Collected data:
= = = = = = =
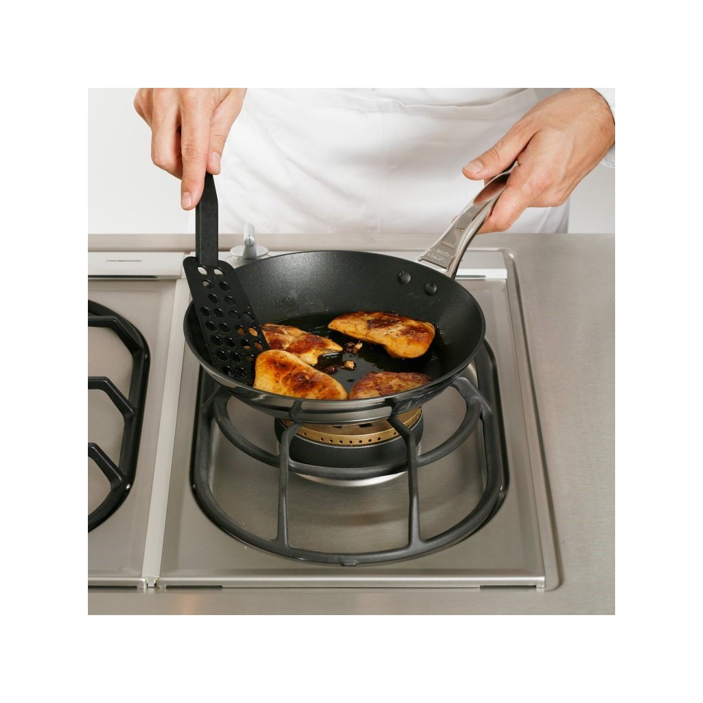 - Sobib õrnade toitude, näiteks munade, omlettide või kala valmistamiseks
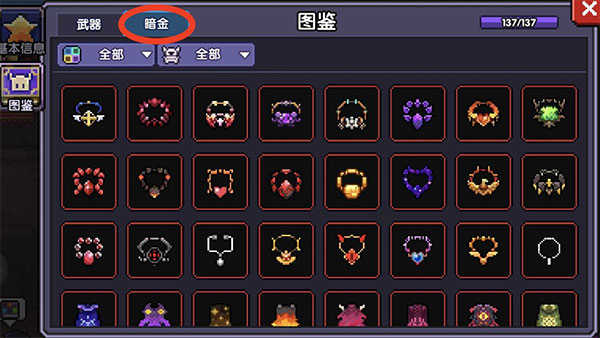 也是在头像左上角的图鉴打开暗金就可以看到所有装备的属性及特性了
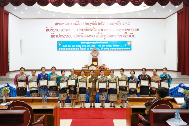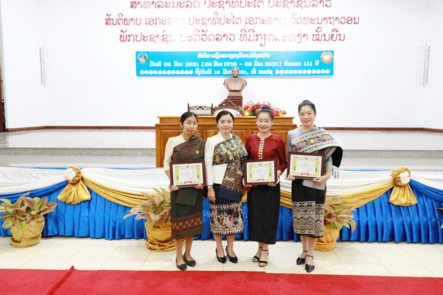 ສະຫະພັນ ແມ່ຍິງ ສະຖາບັນການເມືອງ ແລະການປົກຄອງສະເຫຼີມສະຫຼອງວັນແມ່ຍິງສາກົນ ຄົບຮອບ 111 ປີ (8 ມີນາ 1910-8 ມີນາ 2021) ພ້ອມທັງສະຫຼຸບຜົນງານແມ່ຍິງ 3 ດີ. ໃນພິທີ ໃຫ້ກຽດເປັນປະທານຂອງທ່ານ ປທ ນາງ ບຸນມີ ຈຸນລະຈັກ ຮອງເລຂາຄະນະບໍລິຫານງານພັກ, ຮອງຫົວໜ້າ ສມປຊ, ສະມາຊິກສະພາແຫ່ງຊາດ ຊຸດທີ IX, ມີທ່ານ ປທ ນາງ ພອນໄຊ ລາດຊະວົງ ຄະນະບໍລິຫານງານສູນກາງສະຫະພັນແມ່ຍິງລາວ, ທ່ານ ປອ ນາງ ລຳພູນ ດວນສຸວັນ ປະທານສະຫະພັນແມ່ຍິງ ສມປຊ ພ້ອມດ້ວຍນຄະນະ ແລະສະມາຊິກແມ່ຍິງ 100 ກວ່າທ່ານເຂົ້າຮ່ວມ.
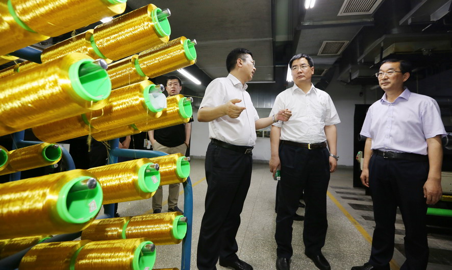 盧衛生副司長在參觀了奧神新材料公司展廳和生產線后,聽取了集團公司總經理胡建明、副總經理王士華關于奧神新材料高性能纖維產業發展介紹,近年來,奧神新材料公司始終秉承“創業、專注、匯聚、引領“的核心價值觀,以”致力于環境和生命的保護,成為全球領先的高性能纖維制造商“為發展愿景,不斷追求技術創新,聯合東華大學采用自主知識產權的干法紡絲生產技術開發聚酰亞胺纖維,在國際上屬于首創。盧衛生副司長對此予以了充分肯定,并希望奧神新材公司要不斷爭取政策支持,繼續加大與國內高校院所的產學研合作,以市場需求導向,追求產品差異化、特色化,延伸高新能纖維產業鏈,提升資源、渠道、品牌、標準等軟實力,形成以“技術、品牌、綠色”為發展核心的競爭新優勢,促進中國化纖行業的發展。
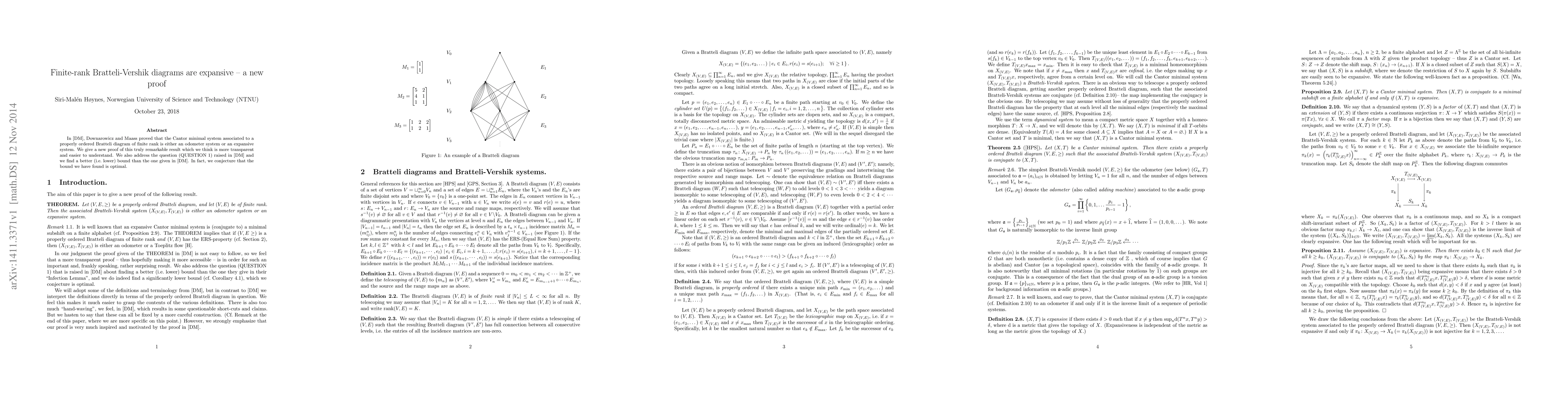 In the paper "Finite-rank Bratteli-Vershik diagrams are expansive" [DM], Downarowicz and Maass proved that the Cantor minimal system associated to a properly ordered Bratteli diagram of finite rank is either an odometer system or an expansive system. We give a new proof of this truly remarkable result which we think is more transparent and easier to understand. We also address the question (QUESTION 1) raised in [DM] and we find a better (i.e. lower) bound than the one given in [DM]. In fact, we conjecture that the bound we have found is optimal.
= = = = = = =
ASSIGNED TASK:
Your reply should repeat the entries above exactly, leaving the pictures out.

RESPONSE BOX:
 - Sobib õrnade toitude, näiteks munade, omlettide või kala valmistamiseks
 也是在头像左上角的图鉴打开暗金就可以看到所有装备的属性及特性了
 ສະຫະພັນ ແມ່ຍິງ ສະຖາບັນການເມືອງ ແລະການປົກຄອງສະເຫຼີມສະຫຼອງວັນແມ່ຍິງສາກົນ ຄົບຮອບ 111 ປີ (8 ມີນາ 1910-8 ມີນາ 2021) ພ້ອມທັງສະຫຼຸບຜົນງານແມ່ຍິງ 3 ດີ. ໃນພິທີ ໃຫ້ກຽດເປັນປະທານຂອງທ່ານ ປທ ນາງ ບຸນມີ ຈຸນລະຈັກ ຮອງເລຂາຄະນະບໍລິຫານງານພັກ, ຮອງຫົວໜ້າ ສມປຊ, ສະມາຊິກສະພາແຫ່ງຊາດ ຊຸດທີ IX, ມີທ່ານ ປທ ນາງ ພອນໄຊ ລາດຊະວົງ ຄະນະບໍລິຫານງານສູນກາງສະຫະພັນແມ່ຍິງລາວ, ທ່ານ ປອ ນາງ ລຳພູນ ດວນສຸວັນ ປະທານສະຫະພັນແມ່ຍິງ ສມປຊ ພ້ອມດ້ວຍນຄະນະ ແລະສະມາຊິກແມ່ຍິງ 100 ກວ່າທ່ານເຂົ້າຮ່ວມ.
 盧衛生副司長在參觀了奧神新材料公司展廳和生產線后,聽取了集團公司總經理胡建明、副總經理王士華關于奧神新材料高性能纖維產業發展介紹,近年來,奧神新材料公司始終秉承“創業、專注、匯聚、引領“的核心價值觀,以”致力于環境和生命的保護,成為全球領先的高性能纖維制造商“為發展愿景,不斷追求技術創新,聯合東華大學采用自主知識產權的干法紡絲生產技術開發聚酰亞胺纖維,在國際上屬于首創。盧衛生副司長對此予以了充分肯定,并希望奧神新材公司要不斷爭取政策支持,繼續加大與國內高校院所的產學研合作,以市場需求導向,追求產品差異化、特色化,延伸高新能纖維產業鏈,提升資源、渠道、品牌、標準等軟實力,形成以“技術、品牌、綠色”為發展核心的競爭新優勢,促進中國化纖行業的發展。
 In the paper "Finite-rank Bratteli-Vershik diagrams are expansive" [DM], Downarowicz and Maass proved that the Cantor minimal system associated to a properly ordered Bratteli diagram of finite rank is either an odometer system or an expansive system. We give a new proof of this truly remarkable result which we think is more transparent and easier to understand. We also address the question (QUESTION 1) raised in [DM] and we find a better (i.e. lower) bound than the one given in [DM]. In fact, we conjecture that the bound we have found is optimal.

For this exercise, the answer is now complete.